TASK DETAILS: Nothing but the lines from the one containing "Lindo vestido negro" to the final line of the entries should appear, copied exactly and without pictures.

Records from a data source:
○ ○ ○ ○

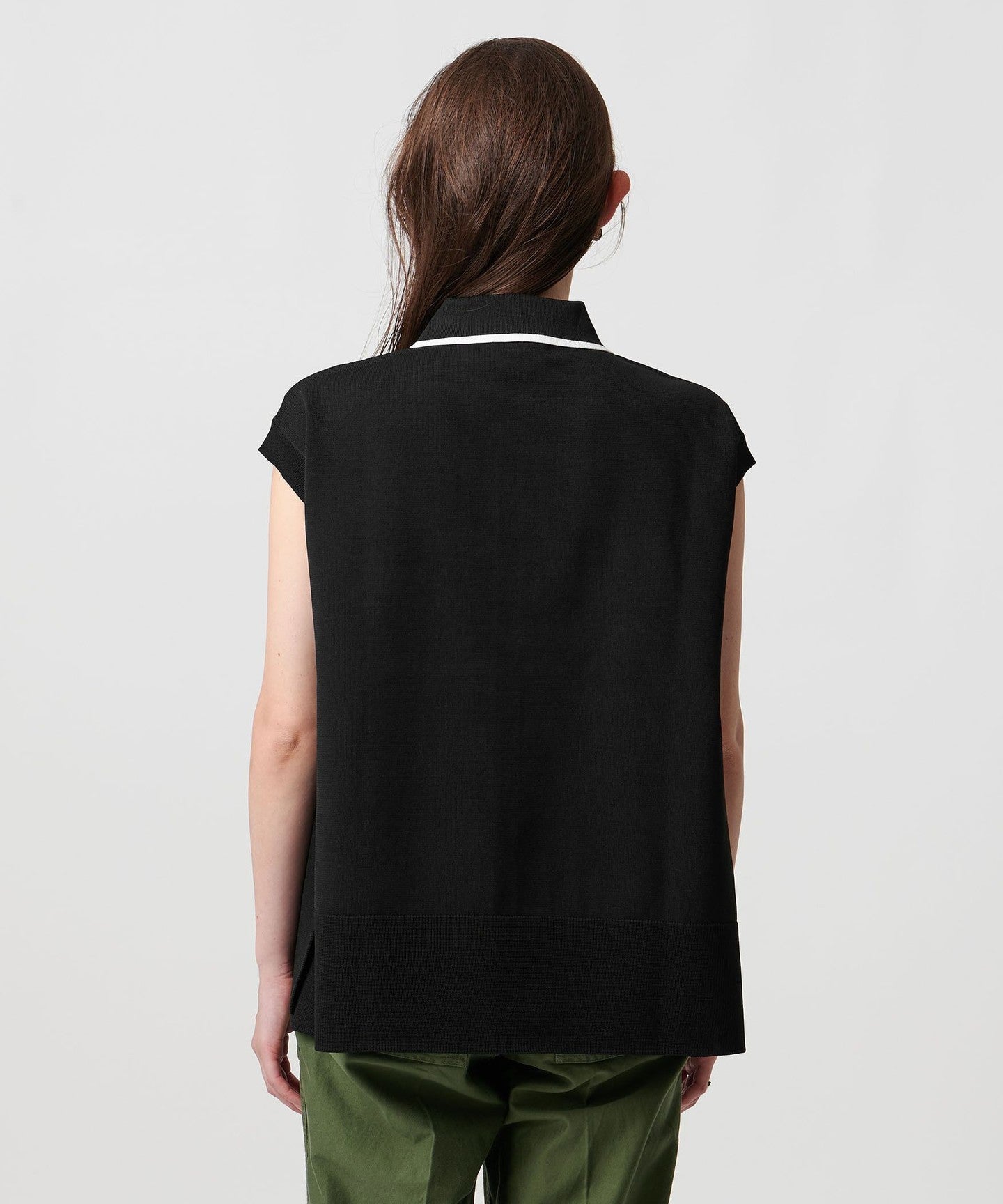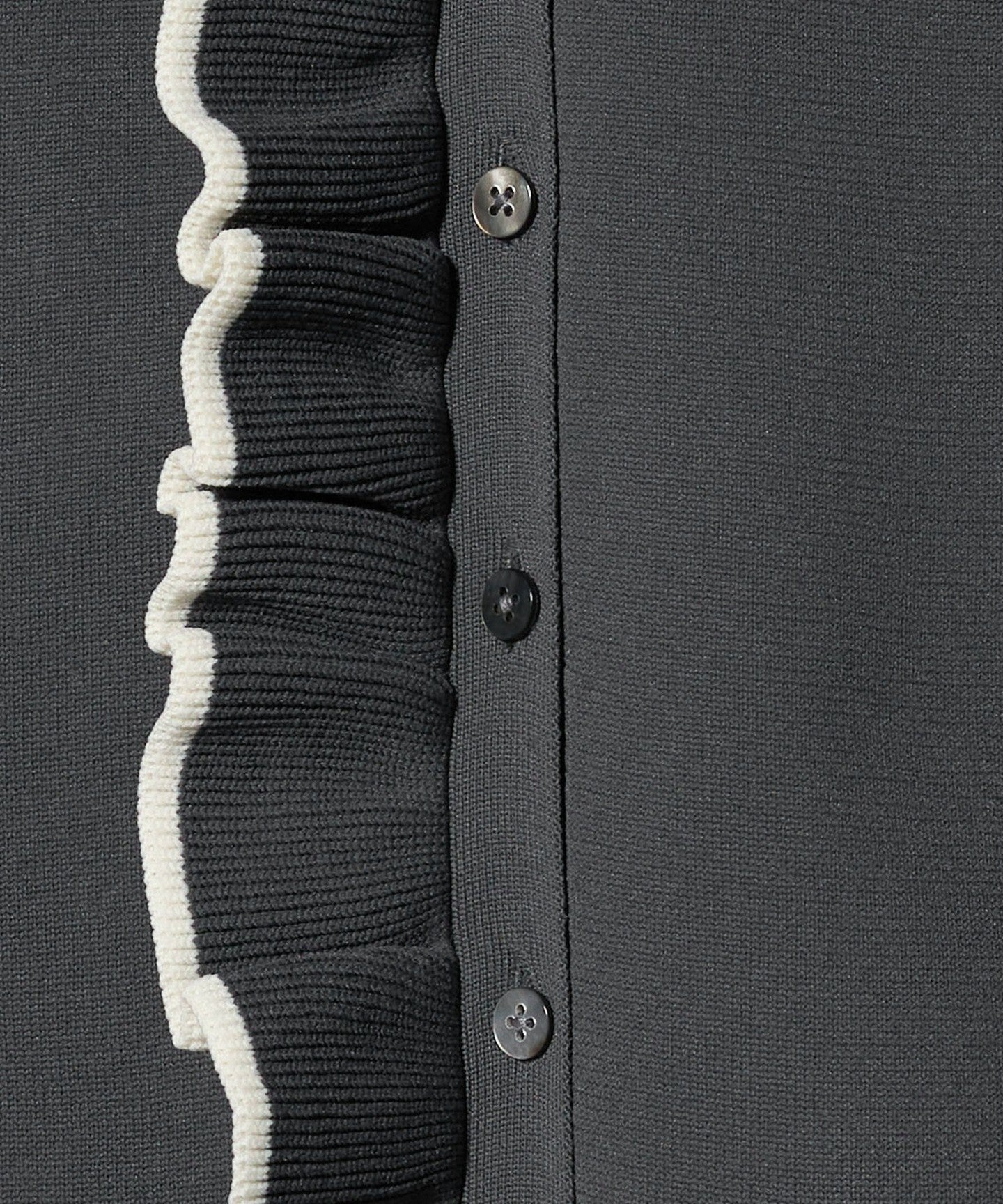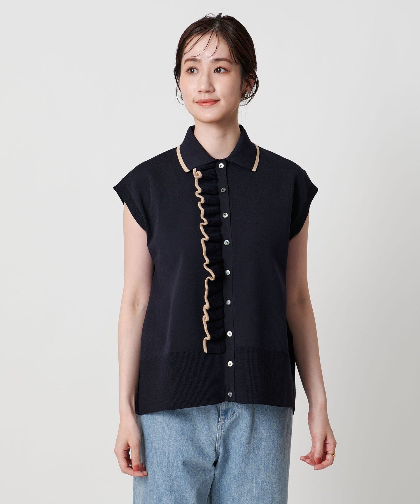 A polo collar knit with an impressive one-sided ruffle detail on the front.
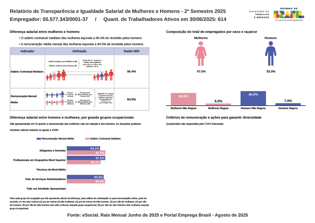 O relatório não compara profissionais na mesma função, não analisa tempo de serviço na organização e na respectiva função, bem como não considera diferenças de desempenho entre profissionais. Estamos certos de que, em uma análise adequada de nossos dados, não há diferenças salariais injustificadas entre nossos profissionais. De qualquer forma, em observância à legislação e ao nosso compromisso com a transparência, publicamos abaixo o relatório do MTE.
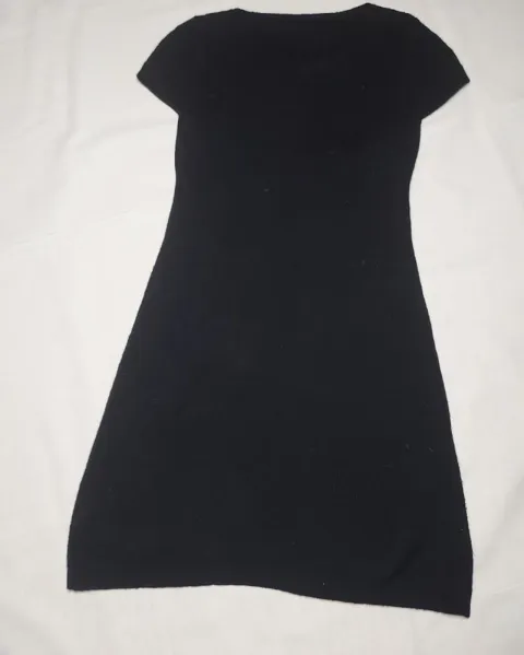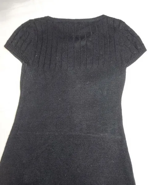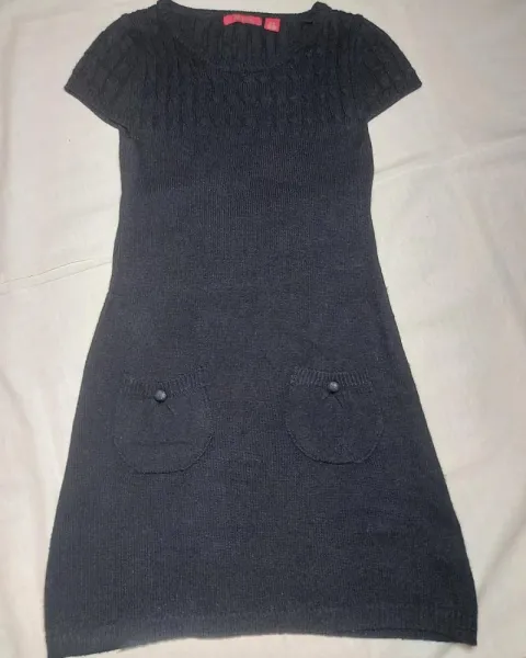 Lindo vestido negro tejido. Hermoso vestido tejido negro, con maga corta, dibujo en el pecho y liso de abajo, con dos bolsas de frente, no ayudan las fotos, no está nada opaco, ni decolorado, está en perfectas condiciones, puesto como 1 o 2 veces, llega arriba de la rodilla. Dice talla M queda a S.
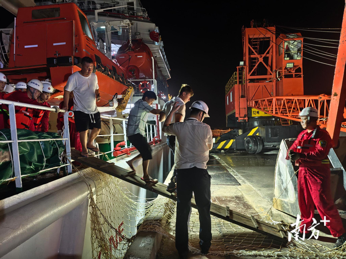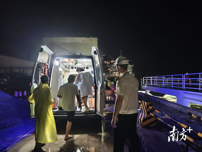 经过近4小时紧张救援,22日0时20分,“南海救113”轮安全顺利将伤员转移至岸上救护车送医。目前,该渔民无生命危险,正接受后续治疗。
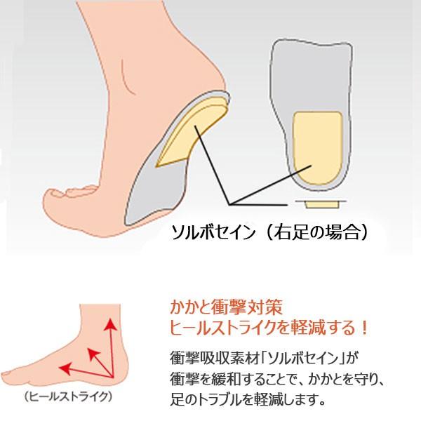 「ソルボ疲労対策 ヒールタイプ」は、衝撃吸収素材「ソルボセイン」が衝撃を緩和することで、かかとを守り、足のトラブルを軽減します。

○ ○ ○ ○

RESULT BELOW:
 Lindo vestido negro tejido. Hermoso vestido tejido negro, con maga corta, dibujo en el pecho y liso de abajo, con dos bolsas de frente, no ayudan las fotos, no está nada opaco, ni decolorado, está en perfectas condiciones, puesto como 1 o 2 veces, llega arriba de la rodilla. Dice talla M queda a S.
 经过近4小时紧张救援,22日0时20分,“南海救113”轮安全顺利将伤员转移至岸上救护车送医。目前,该渔民无生命危险,正接受后续治疗。
 「ソルボ疲労対策 ヒールタイプ」は、衝撃吸収素材「ソルボセイン」が衝撃を緩和することで、かかとを守り、足のトラブルを軽減します。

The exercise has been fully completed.